Приглушенный смех в окнах послужил оценкой ее находчивости.
— Вы сами схоронили двух мужей, досточтимая матушка, — осмелился вставить А Ким.
— У меня хватило ума не выйти за третьего. Кроме того, оба мои супруга почтенно скончались в своих постелях. Их не лягали лошади, и они не тонули в море. И какое дело до этого нашим соседям. Почему ты должен осведомлять их, было у меня два мужа, десять мужей или ни одного? Ты осрамил меня перед всеми соседями, и за это я, теперь уж по-настоящему, изобью тебя.
А Ким выдержал целый град ударов, посыпавшихся на него, и когда миссис Тай Фу, задохнувшись, остановилась, проговорил:
— Досточтимая матушка, я всегда настаивал и просил, чтобы вы били меня в доме при плотно закрытых окнах и дверях, а не на улице и не в саду позади дома.
— Ты назвал эту отвратительную Ли Фаа Серебристым Цветком Луны, — возразила миссис Тай Фу с чисто женской непоследовательностью, впрочем, заставившей сына прервать его тираду.
— Это миссис Чанг Люси вам сказала, — настаивал он.
— Мне это сказали по телефену, — уклончиво ответила она. — Я не могу узнавать все голоса, которые говорят со мной через эту трубку дьявола.
Как ни странно, но А Ким даже не пытался удрать от матери, что ему было бы очень легко сделать. Она же находила все новые и новые предлоги для следующих ударов.
— А! Упрямый человек! Почему ты не плачешь? Ублюдок, позорящий своих предков! Ни разу я не могла заставить тебя плакать. С малолетства не могла. Отвечай мне! Почему ты не плачешь?
Ослабев и задохшись от потраченных ею усилий, она опустила палку и затряслась, словно в нервном припадке.
— Не знаю. Вероятно, так уж я создан, — отвечал А Ким, озабоченно глядя на мать. — Сейчас я принесу вам стул, вы присядете, отдохнете и почувствуете себя лучше.
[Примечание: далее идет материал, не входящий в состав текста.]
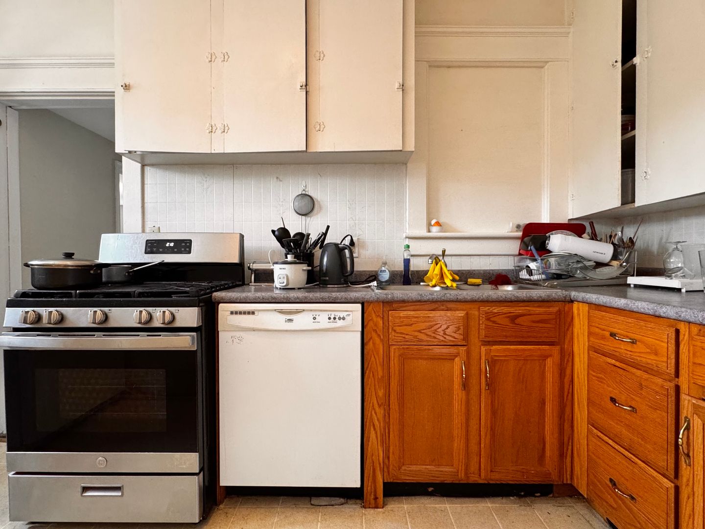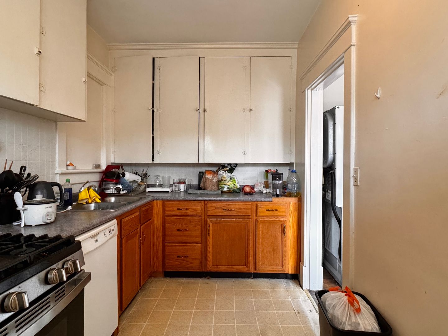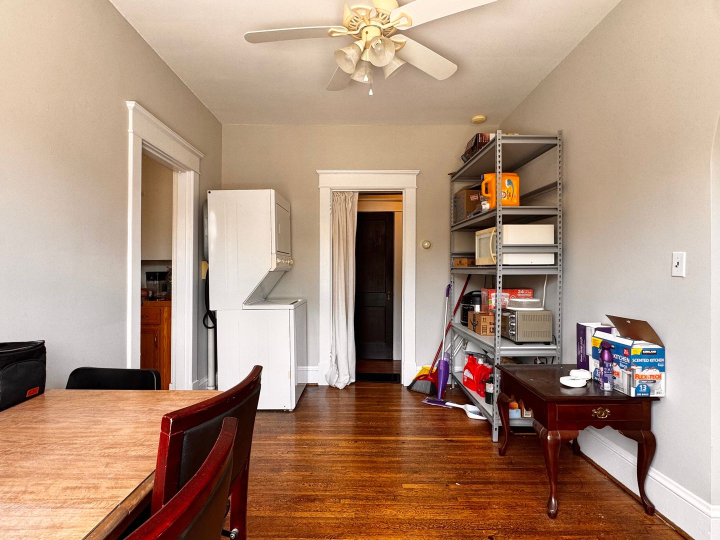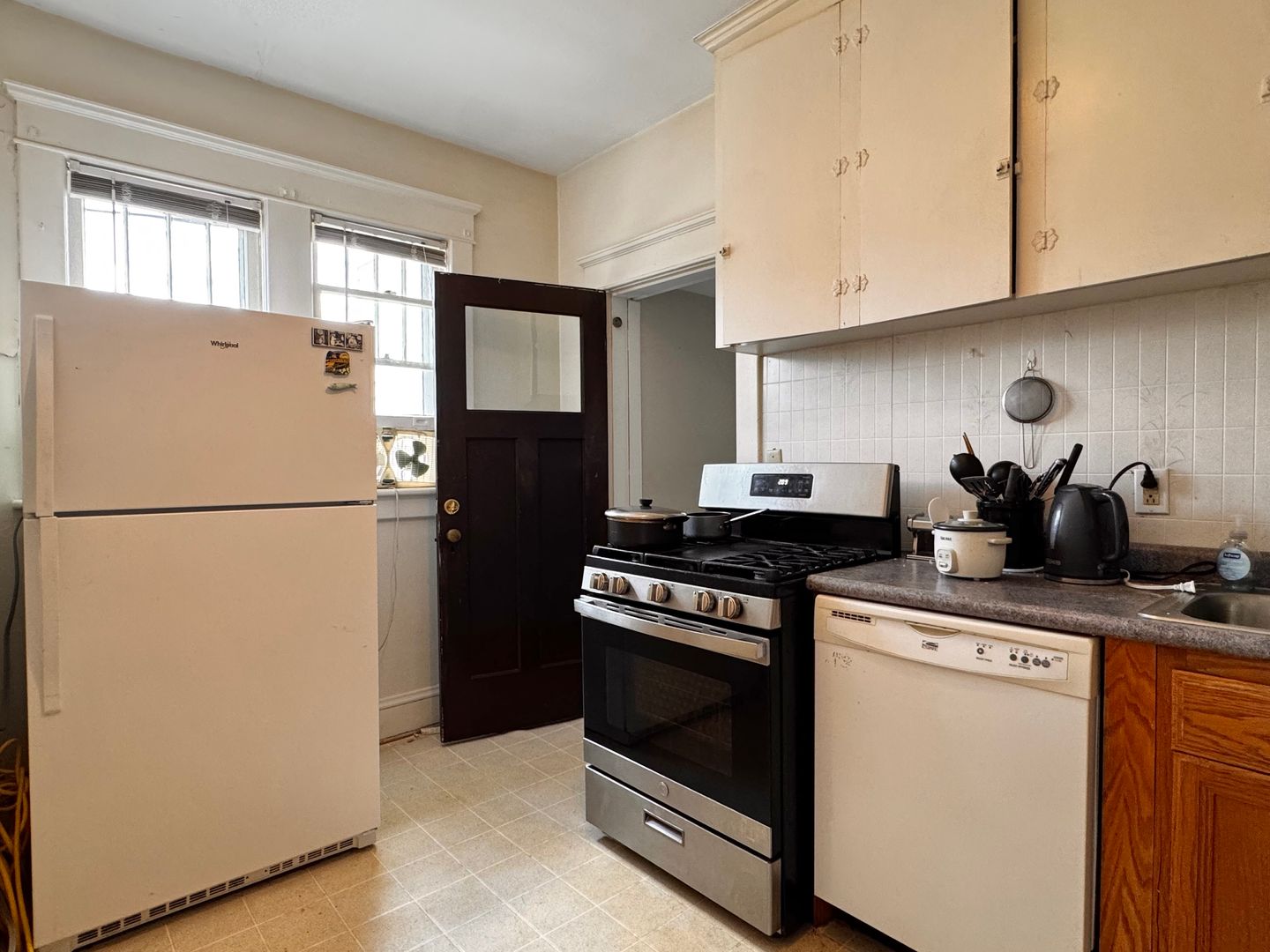 This unique property is a blend of vintage charm and modern amenities, offering a comfortable living space with a distinct character. This home boasts an impressive 1,281 square feet of living space spread across one convenient level. As part of a triplex building, this unit offers four bedrooms and two full bathrooms. The antique trim and features reflect its 1930's origins. The hardwood floors add warmth and living room is accentuated by a fireplace.

Но она, злобно фыркнув, отошла от него и по-старушечьи заковыляла к дому. А Ким в это время надевал шапочку, приглаживал пришедшую в беспорядок одежду, потирал ушибленные места и преданными глазами следил за матерью. Он даже улыбался, так что можно было предположить, что побои доставили ему некоторое удовольствие.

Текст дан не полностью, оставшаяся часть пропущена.